Их истинным глашатаем стал Мартов. Он же выступил с наиболее связной критикой революции и большевистской диктатуры. Как лидер оппозиции меньшевиков-интернационалистов в меньшевистской партии в период Временного правительства, Мартов решительно отмежевался от Burgfrieden (гражданского мира – нем.) «оборонцев» типа Потресова и Плеханова, а также от «коалиционизма» Церетели и Федора Дана, лидеров «революционных оборонцев» – меньшевиков в 1917 году. В отличие от них он отстаивал «демократическое» правительство на широкой основе, нечто вроде правительства народного фронта, из которого следовало исключить буржуазную партию кадетов. «Демократическое» правительство, которое он предложил в 1917 году, с марксистской точки зрения было импровизированным ответом на вопрос о власти в буржуазной русской революции, который, как он слишком поздно обнаружил, вышел за рамки «творческих сил» русской буржуазии, преждевременно уставшей от революции или открыто перешедшей в лагерь контрреволюции. Он же рассматривал такую возможность в 1905 году, правда, как трагическое стечение обстоятельств, и несомненно, что это близко подвело его к революционной теории, которую в то время выдвигал Ленин. В этом смысле можно оправдать Церетели, который назвал его полуленинцем.

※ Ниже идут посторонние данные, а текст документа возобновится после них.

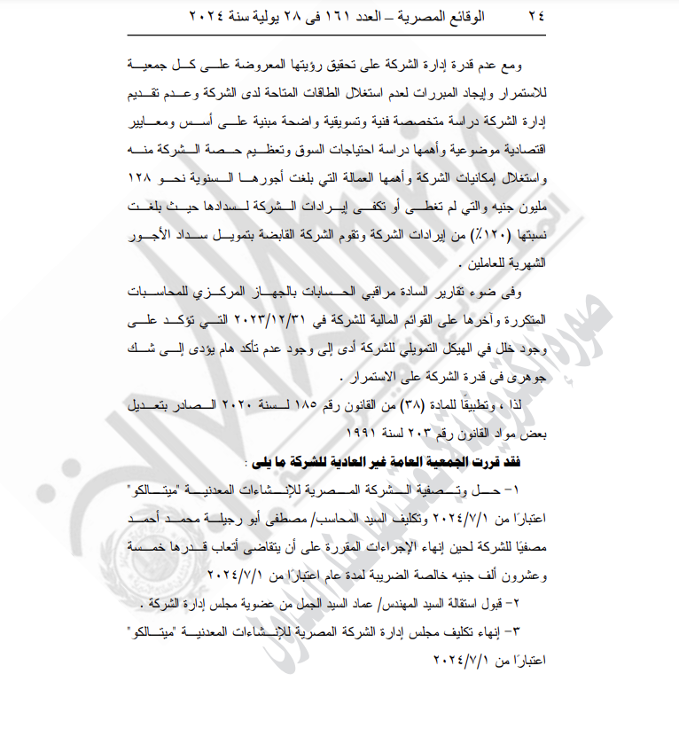 3- إنهاء تكليف مجلس إدارة الشركة المصرية للإنشاءات المعدنية “ميتالكو” اعتباراً من 1/7/2024.

Поэтому Мартов, хотя и был напуган насильственной и военной организацией большевистской Октябрьской революции[71], без особого труда принял ее как «естественное историческое следствие» краха Временного правительства и в особенности краха социалистического умеренного руководства Советов перед лицом великих проблем революции[72]. Сначала он больше всего старался политическими действиями воспрепятствовать установлению диктатуры большевистской партии, а затем пытался расширить и демократизировать ее; в плане же марксистской полемики он хотел разуверить большевиков, которых он серьезно считал товарищами и марксистами, совершающими ужасную ошибку, в их «утопических иллюзиях». С моральной точки зрения Мартова больше всего возмущал большевистский террор, и его бесстрашные постоянные выступления против этого террора превратили его в «истинную совесть революции». Главной целью усилий Мартова было «исправить» Октябрьскую революцию.

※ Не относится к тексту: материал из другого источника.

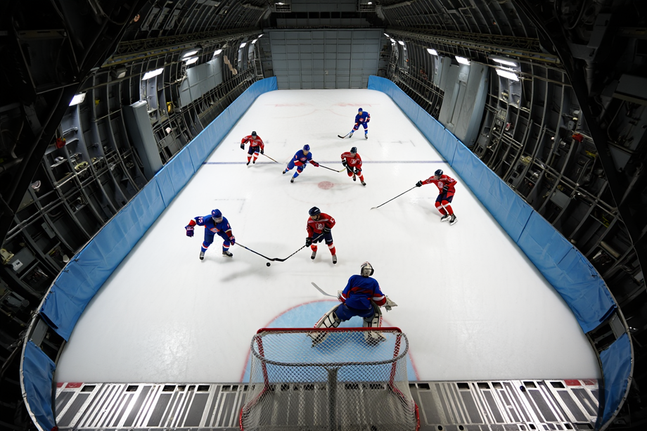 Вместо настоящего льда в грузовом отсеке «Руслана» уложили специальное пластиковое покрытие, имитирующее лёд, как в предсезонной подготовке профессиональных клубов.
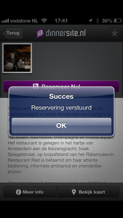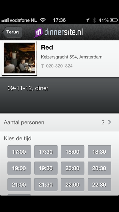 De Dinnersite-app pakt het iets anders aan. Je geeft aan op welke datum en in welke plaats je wilt eten. Je kunt bij het filteren geen tijdstip kiezen, maar wel grofweg aangeven dat je voor lunch of diner een tafeltje wilt reserveren. Het populaire restaurant Red in Amsterdam is vaak al dagen van tevoren volgeboekt en is via de eigen website en via de Dinnersite-website pas vanavond vanaf 22:00 uur te reserveren. Maar de Dinnersite-app geeft aan dat de hele avond nog tafeltjes vrij zijn, zelfs op gewilde tijdstippen. We hebben daarom vanmiddag tweemaal om 20:00 uur gereserveerd bij dit restaurant. Er kwam in beide gevallen geen reserveringsbevestiging via e-mail binnen. Toen we het restaurant belden om de twee reserveringen te checken bleken ze niet aangekomen. Sterker nog: de medewerker van Restaurant Red gaf aan dat ze helemaal niet met Dinnersite (en ook niet met andere reserveringssites) samenwerken.

Мартов выступил со своей критикой экономических иллюзий большевистской революции в связи с I Всероссийским съездом профсоюзов в начале 1918 года[73], полемизируя с Григорием Зиновьевым, который только что (и, возможно, против своей воли) перешел на позиции большевистского максимализма. Одно дело, утверждал Мартов, завоевать власть в отсталой России, где крестьянская армия, уставшая от войны, постоянных поражений и экономических трудностей, перешла на сторону революции, «бросившись в объятия пролетариата», и под его руководством помогла привести большевистскую партию к власти, и совсем другое – как использовать государственную власть, чтобы путем открытого принуждения вводить социалистический способ производства в «обедневшей и разоренной стране в то время, когда ее производительные силы дошли до крайней степени упадка и разрухи». Он утверждал, что необходимы четыре объективных социально-экономических условия, обязательных для социализма, и что в России ни одного из них нет. Первым условием является наличие «носителя социализма» – многочисленного и определяющего состояние экономики рабочего класса, однородного и устойчивого с социальной точки зрения, имеющего мало возможностей или перспектив преодолеть собственные условия существования и перейти в слой мелкобуржуазных собственников. Русский пролетариат был малочисленным и по большей части состоял из сельских элементов, которых толкнула в городскую промышленность война, но которые были еще крепко связаны с деревней. Революционная аграрная реформа, шедшая полным ходом, могла вернуть их обратно в деревню.

Вторым условием Мартов считал зрелость пролетариата как строителя социализма. Пролетариат должен приобрести такой уровень инициативности, организационного и управленческого опыта, который позволял бы ему выделять из своей среды руководящие кадры для налаживания экономики при решении «гигантской задачи» перехода к социализму. Если бы даже он отвечал этим требованиям, то все равно он не обошелся бы без добровольного сотрудничества старого руководящего и технического персонала, разделяющего его цели. Русский пролетариат не был способен управлять промышленностью, а поскольку необходимый технический персонал и «белые воротнички» прочной стеной стояли против прыжка в социализм, то самое большее, на что можно было рассчитывать, – это на их принудительное сотрудничество.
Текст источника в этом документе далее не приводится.